A New Jersey law authorized payment by local school boards of the costs of transportation to and from private schools. As some of these schools were parochial Catholic institutions, a taxpayer in Ewing Township filed a lawsuit alleging that this indirect aid to religion through the mechanism of reimbursing parents and students for costs incurred as a result of attending religious schools violated both the New Jersey state constitution and the First Amendment of the federal Constitution. After a loss in the New Jersey Court of Errors and Appeals, Everson appealed to the U.S. Supreme Court on purely federal constitutional grounds. Arguments were heard on November 20, 1946.

The Bench

The makeup of the supreme court and their opinions were:

Majority Opinion

Dissents

1.Authored by: Justice Robert H. Jackson

2.Authored by: Justice Wiley Blount Rutledge

Decision

The 5-4 decision was handed down on February 10, 1947. The Court, through Justice Hugo Black, ruled that the state law was constitutionally permissible. Perhaps as important as the actual outcome, though, was the position that the entire Court adopted on the Establishment Clause. It reflected a broad interpretation of the Clause that was to guide the Court's decisions for decades to come. Black's language was sweeping

"The 'establishment of religion' clause of the First Amendment means at least this: Neither a state nor the Federal Government can set up a church. Neither can pass laws which aid one religion, aid all religions, or prefer one religion over another. Neither can force nor influence a person to go to or to remain away from church against his will or force him to profess a belief or disbelief in any religion. No person can be punished for entertaining or professing religious beliefs or disbeliefs, for church attendance or non-attendance. No tax in any amount, large or small, can be levied to support any religious activities or institutions, whatever they may be called, or whatever from they may adopt to teach or practice religion. Neither a state nor the Federal Government can, openly or secretly, participate in the affairs of any religious organizations or groups and vice versa. In the words of Jefferson, the clause against establishment of religion by law was intended to erect 'a wall of separation between Church and State.'" 330 U.S. 1, 15-16.

Despite the bold rhetoric, the outcome rejected the claim of improper government aid to religion.
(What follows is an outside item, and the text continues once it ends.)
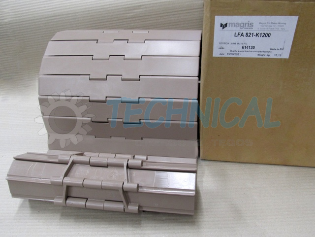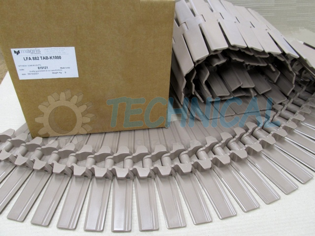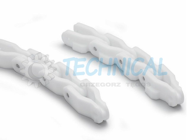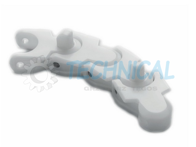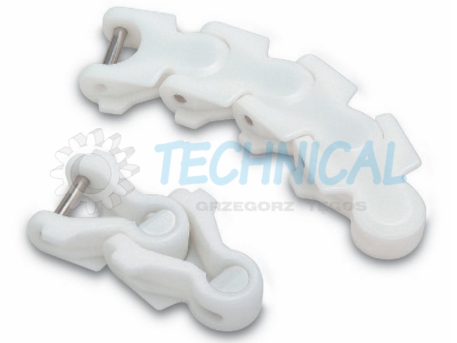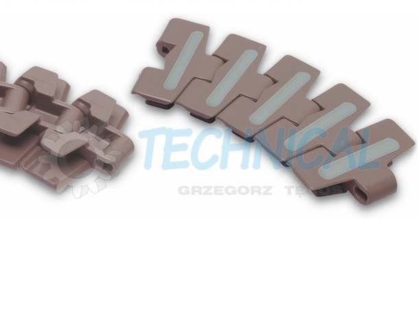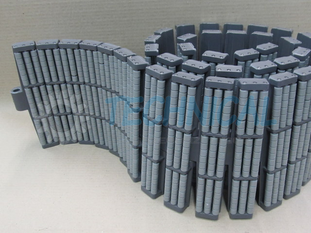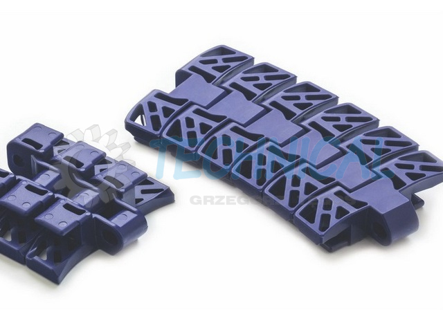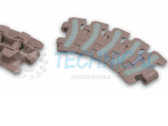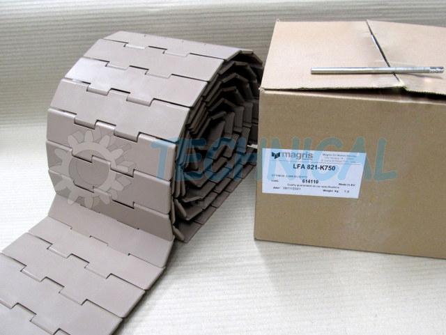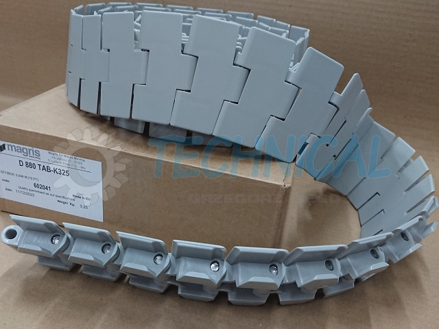 Dostarczane łańcuchy płytkowe transportujące z tworzywa sztucznego marki Magris, to europejska jakość. Łańcuch płytkowy z tworzywa do pracy prosto i skrętnie po łuku

The four dissenters agreed with Black's definition of the Establishment Clause, but protested that the principles he laid down ought logically to lead to the invalidation of the challenged law. Justice Wiley Blount Rutledge argued that

"The funds used here were raised by taxation. The Court does not dispute nor could it that their use does in fact give aid and encouragement to religious instruction. It only concludes that this aid is not 'support' in law. But Madison and Jefferson were concerned with aid and support in fact not as a legal conclusion 'entangled in precedents.' Here parents pay money to send their children to parochial schools and funds raised by taxation are used to reimburse them. This not only helps the children to get to school and the parents to send them. It aids them in a substantial way to get the very thing which they are sent to the particular school to secure, namely, religious training and teaching." 330 U.S. 1, 45.

Despite the contentious result reached in Everson, it remains one of the most important cases relating to church-state separation in Supreme Court case law. Some, including Chief Justice William H. Rehnquist have criticized Everson for its reliance on quotations and views from Thomas Jefferson, who had little to do with the framing of the U.S. Constitution or its Bill of Rights. Everson 's supporters counter that the case also draws heavily on the works of James Madison, the "Father of the Bill of Rights," particularly on his Memorial and Remonstrance Against Religious Assessments.